Our goal was to include in the discovery case-control study approximately 2/3 of the total number of cases expected to be ascertained in the cohort through the end of the study period. S1 Fig shows that, after exclusions for various reasons, the discovery stage included 316 cases (and matched controls) and the test stage included 165 cases (and matched controls).
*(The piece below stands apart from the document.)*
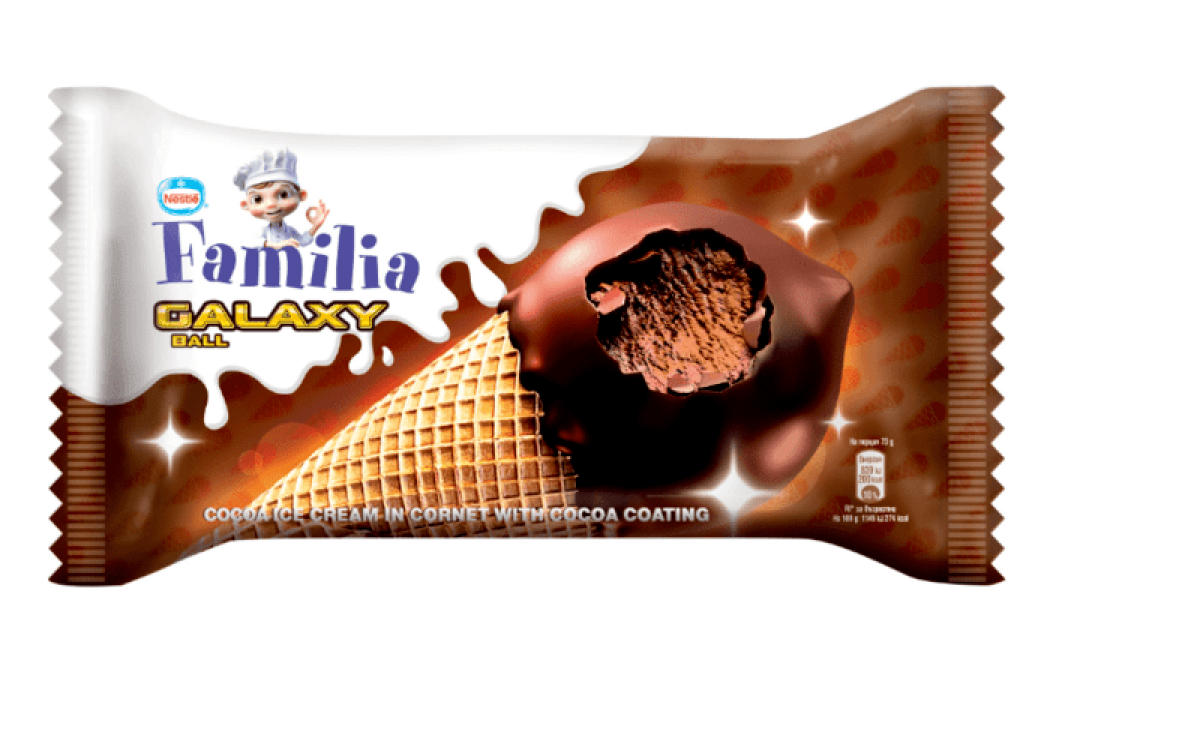 Състав: възстановено обезмаслено мляко, захар, вода, глюкозен сироп, суроватка на прах (от мляко), пшенично брашно, яйца на прах, какаова маса, картофено нишесте, емулгатор (моно- и диглицериди на мастни киселини, слънчогледов лецитин), какаово масло, стабилизатори (гума гуар, гума локуст бийн, сорбитол, преработени "Euchema" водорасли, гума ксантан),  оцветител (карамел (амониев сулфит)), пълномаслено мляко на прах, сухо обезмаслено мляко, ароматизанти, набухвател (динатриев дифосфат, натриев хидроген карбонат), краве масло (от мляко), сол, яйчен жълтък на прах, декстроза. Може да съдържа соя и ядки.

Control definition and selection
Controls were women with a biopsy for BBD who were alive but had not developed breast cancer during the same follow-up period as that for the corresponding cases. For each of the cases, we randomly selected one control using risk-set sampling. Each control was individually matched to the corresponding case on age (+/- 1 year) and age at diagnosis of BBD (+/- 1 year)(and implicitly, given the risk-set sampling, on duration of membership of KPNW), and was sampled randomly from the risk-set with replacement [11]. In addition to being alive and free of invasive breast cancer, the controls were required not to have undergone a mastectomy before the date of diagnosis of breast cancer for its matched case.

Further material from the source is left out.